* _Try it_
The listing that follows should be copied in full and exactly, with no pictures.

______

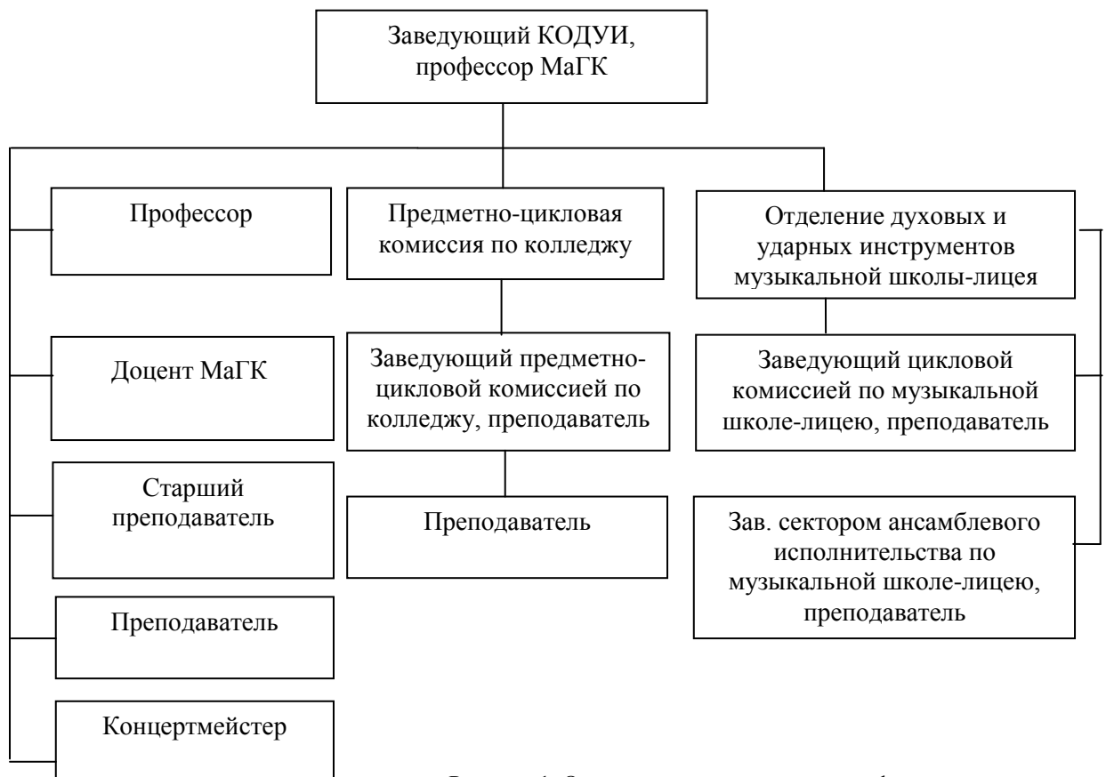
Рисунок 1. Организационная структура кафедры оркестровых духовых и ударных инструментов

Структура кафедры оркестровых духовых и ударных инструментов представлена на рисунке 1.
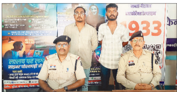
हरिभूमि न्यूज | चांपा

घर अंदर घुसकर मारपीट करने वाले दो आरोपियों को पुलिस ने गिरफ्तार कर न्यायिक रिमांड पर भेज दिया है। मामला चांपा थाना क्षेत्र का है।
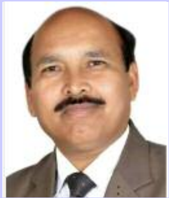
ਸਮਾਜ ਅਤੇ , ਭਾਰਤ ਵਿਰੋਧੀ

ਤਾਕਤਾਂ ਐਸੀ ਸਮਾਜ ਅਤੇ ਆਗੂ ਨੇ ਕਿਹਾ ਕਿ ਪੰਜਾਬ ਸਿੱਖ ਭਾਈਚਾਰੇ ਅੰਦਰ ਗੁਰੂਆਂ, ਪੀਰਾਂ, ਵਿਦਵਾਨਾਂ, ਨਫਰਤ ਦੇ ਬੀਜ ਬੀਜ ਕੇ ਯੋਧਿਆਂ ਦੀ ਧਰਤੀ ਹੈ ਜਿਨ੍ਹਾਂ ਆਪਸੀ ਭਾਈਚਾਰਕ ਸਾਂਝ ਨੇ ਦੇਸ਼ ਵਾਸੀਆਂ ਨੂੰ ਜਿਥੇ ਅਤੇ ਏਕਤਾ,ਅਮਨ ਸ਼ਾਂਤੀ ਦੇ ਸ਼ਾਂਤੀ ਅਤੇ ਮਾਹੌਲ ਨੂੰ ਲਾਂਬੂ ਲਗਾਉਣ ਦੀ ਭਾਈਚਾਰਕ ਸਾਂਝ ਬਣਾਕੇ ਕੋਸ਼ਿਸ਼ ਕਰ ਰਹੇ ਹਨ, ਰਹਿਣ ਦਾ ਰਸਤਾ ਦੱਸਿਆ ਹੈ ਇਸ ਕਰਕੇ ਪੰਜਾਬ ਵਾਸੀਆਂ ਨੂੰ ਅਜਿਹੀਆਂ ਲਾਂਬੂ ਲਾਉਣ ਵਾਲੀਆਂ ਤਾਕਤਾਂ ਤੋਂ ਸਾਵਧਾਨ ਰਹਿਣਾ ਚਾਹੀਦਾ ਹੈ। ਬਸਪਾ ਆਗੂ ਨੇ ਕਿਹਾ ਕਿ ਸਰਕਾਰਾਂ ਵਿੱਚ ਬੈਠੇ ਸਵਾਰਥੀ ਤੇ ਲਾਲਚੀ ਲੋਕਾਂ ਦੀਆਂ ਨਾਕਾਮੀਆਂ ਨੇ ਬਾਬਾ ਸਾਹਿਬ ਜੀ ਦਾ ਅਪਮਾਨ ਕਰਕੇ ਕੋੜਾਂ ਦਲਿਤਾਂ, ਗਰੀਬਾਂ ਦੀਆਂ ਧਾਰਮਿਕ, ਸਮਾਜਿਕ ਤੇ ਰਾਜਨੀਤਕ ਭਾਵਨਾਵਾਂ ਨੂੰ ਕੁਚਲ ਕੇ ਰੱਖ ਦਿੱਤਾ ਹੈ, ਜਿਸਨੂੰ ਬਹੁਜਨ ਸਮਾਜ ਪਾਰਟੀ ਬਰਦਾਸ਼ਤ ਨਹੀਂ ਕਰੇਗੀ।
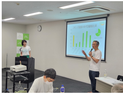
渋澤から15年の振り返り

ご参加いただいた約40名のお仲間（コモンズ投信のお客さま）と、未来について対話しました。
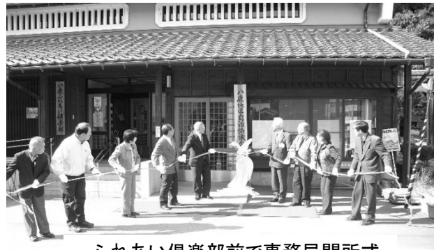
ふれあい倶楽部前で事務局開所式
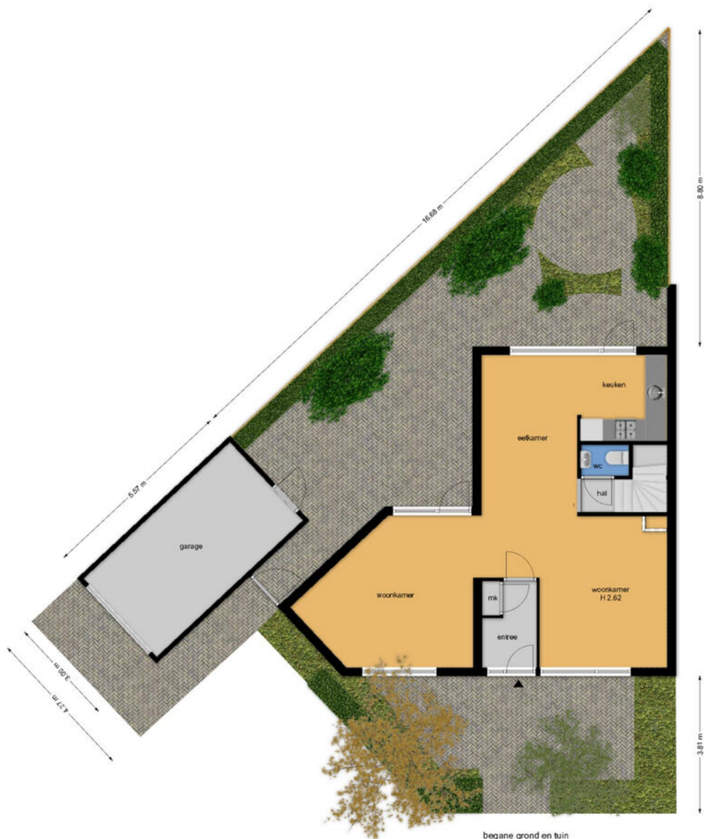
begane grond en tuin

______

* _Written answer_
Рисунок 1. Организационная структура кафедры оркестровых духовых и ударных инструментов

Структура кафедры оркестровых духовых и ударных инструментов представлена на рисунке 1.
हरिभूमि न्यूज | चांपा

घर अंदर घुसकर मारपीट करने वाले दो आरोपियों को पुलिस ने गिरफ्तार कर न्यायिक रिमांड पर भेज दिया है। मामला चांपा थाना क्षेत्र का है।
ਸਮਾਜ ਅਤੇ , ਭਾਰਤ ਵਿਰੋਧੀ

ਤਾਕਤਾਂ ਐਸੀ ਸਮਾਜ ਅਤੇ ਆਗੂ ਨੇ ਕਿਹਾ ਕਿ ਪੰਜਾਬ ਸਿੱਖ ਭਾਈਚਾਰੇ ਅੰਦਰ ਗੁਰੂਆਂ, ਪੀਰਾਂ, ਵਿਦਵਾਨਾਂ, ਨਫਰਤ ਦੇ ਬੀਜ ਬੀਜ ਕੇ ਯੋਧਿਆਂ ਦੀ ਧਰਤੀ ਹੈ ਜਿਨ੍ਹਾਂ ਆਪਸੀ ਭਾਈਚਾਰਕ ਸਾਂਝ ਨੇ ਦੇਸ਼ ਵਾਸੀਆਂ ਨੂੰ ਜਿਥੇ ਅਤੇ ਏਕਤਾ,ਅਮਨ ਸ਼ਾਂਤੀ ਦੇ ਸ਼ਾਂਤੀ ਅਤੇ ਮਾਹੌਲ ਨੂੰ ਲਾਂਬੂ ਲਗਾਉਣ ਦੀ ਭਾਈਚਾਰਕ ਸਾਂਝ ਬਣਾਕੇ ਕੋਸ਼ਿਸ਼ ਕਰ ਰਹੇ ਹਨ, ਰਹਿਣ ਦਾ ਰਸਤਾ ਦੱਸਿਆ ਹੈ ਇਸ ਕਰਕੇ ਪੰਜਾਬ ਵਾਸੀਆਂ ਨੂੰ ਅਜਿਹੀਆਂ ਲਾਂਬੂ ਲਾਉਣ ਵਾਲੀਆਂ ਤਾਕਤਾਂ ਤੋਂ ਸਾਵਧਾਨ ਰਹਿਣਾ ਚਾਹੀਦਾ ਹੈ। ਬਸਪਾ ਆਗੂ ਨੇ ਕਿਹਾ ਕਿ ਸਰਕਾਰਾਂ ਵਿੱਚ ਬੈਠੇ ਸਵਾਰਥੀ ਤੇ ਲਾਲਚੀ ਲੋਕਾਂ ਦੀਆਂ ਨਾਕਾਮੀਆਂ ਨੇ ਬਾਬਾ ਸਾਹਿਬ ਜੀ ਦਾ ਅਪਮਾਨ ਕਰਕੇ ਕੋੜਾਂ ਦਲਿਤਾਂ, ਗਰੀਬਾਂ ਦੀਆਂ ਧਾਰਮਿਕ, ਸਮਾਜਿਕ ਤੇ ਰਾਜਨੀਤਕ ਭਾਵਨਾਵਾਂ ਨੂੰ ਕੁਚਲ ਕੇ ਰੱਖ ਦਿੱਤਾ ਹੈ, ਜਿਸਨੂੰ ਬਹੁਜਨ ਸਮਾਜ ਪਾਰਟੀ ਬਰਦਾਸ਼ਤ ਨਹੀਂ ਕਰੇਗੀ।
渋澤から15年の振り返り

ご参加いただいた約40名のお仲間（コモンズ投信のお客さま）と、未来について対話しました。
ふれあい倶楽部前で事務局開所式
begane grond en tuin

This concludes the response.